見落としがちな従業員退職時の取扱い

    李さんは退職後、会社から発行された労働関係解除証明書に「解除理由」が記入されていないことに気づいたため、「人員整理」を書き込み、会社に対し不当な労働契約解除による賠償金として1万元を支払うよう労働仲裁委員会に労働仲裁を申し立てた。結果、会社は李さんが自主退職することを十分に証明できなかったため、仲裁機構は李さんの請求を認めた。

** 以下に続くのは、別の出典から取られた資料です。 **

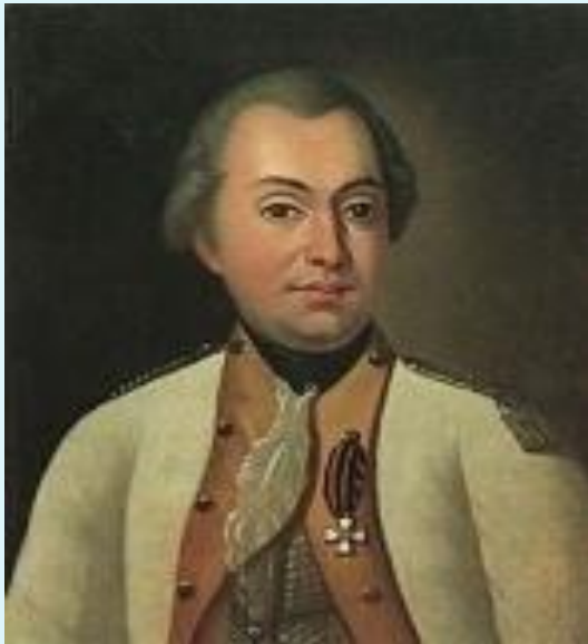
Портрет М. И. Кутузова в мундире полковника Луганского пикинерного полка

    実務において、会社の不適切な退職管理による類似の案例は少なくない。例えば、従業員が退職したときに業務引き継ぎを行わなかったことを理由に、会社は経済補償金の支払いを拒否したが、証拠不足で敗訴となった、または会社が人事ファイルと社会保険関係移転の手続きを適切に行わず、従業員に損害をもたらしたため、損害賠償責任を要求された等。

    『労働契約法』等では、従業員退職時における関連事項の取り扱いについて規定している。『労働契約法』第50条の規定によると、使用者には下記の義務がある:(1)労働契約解除又は終了の証明を発行する;(2)15 日以内に労働者の档案(人事ファイル)及び社会保険関係の移転手続きを行う;(3)経済補償金の支給が必要となった場合は、業務引き継ぎの終了時に支給する。又、『労働契約法実施条例』第24条によると、前述(1)の証明には労働契約の期間、解除日、業務職位及び当該企業における勤務年数を記載しなければならない。

    上述の法律法規の規定に基づき、実務的な経験や教訓を踏まえ、雇用企業は退職管理において、下記の事項に特別な注意を払う必要がある。

    第一に、リスクを回避するために、労働契約解除証明には「労働契約解除の理由」及び経済補償金の関連事項(有れば)を明記すること。

    第二に、業務引き継ぎの管理を強化すること。規則制度において業務引き継ぎの具体的な要求、手続きなどを定め、従業員退職する場合、厳格に執行する。従業員が規定通りに業務引き継ぎ義務を果たさない場合は、経済補償金を暫く支払わなくてよい。

    第三に、退職に関連する文書(退職願、労働契約解除証明、業務引き継ぎの関連文書、出勤表、下記に言及する退職談話記録などを含める)を適切に作成、保管すること。これは『労働契約法』で規定される雇用企業の保管義務である上、証拠保留、発生しうる紛争に対応するための必要手段でもある。

    最後に、退職面談を重視すること。退職面談は使用者によく見落としされる手続きである。実際は、退職面談手続、文書が適切に設けられていれば、『労働契約法』第39条、40条及41条の適用に必要とされる関連証拠(例えば、解除理由の談話録音)の補充としたり、さらに今後発生しうる営業秘密紛争や競業制限紛争に対しても思いもよらない役割を果たすと思われる。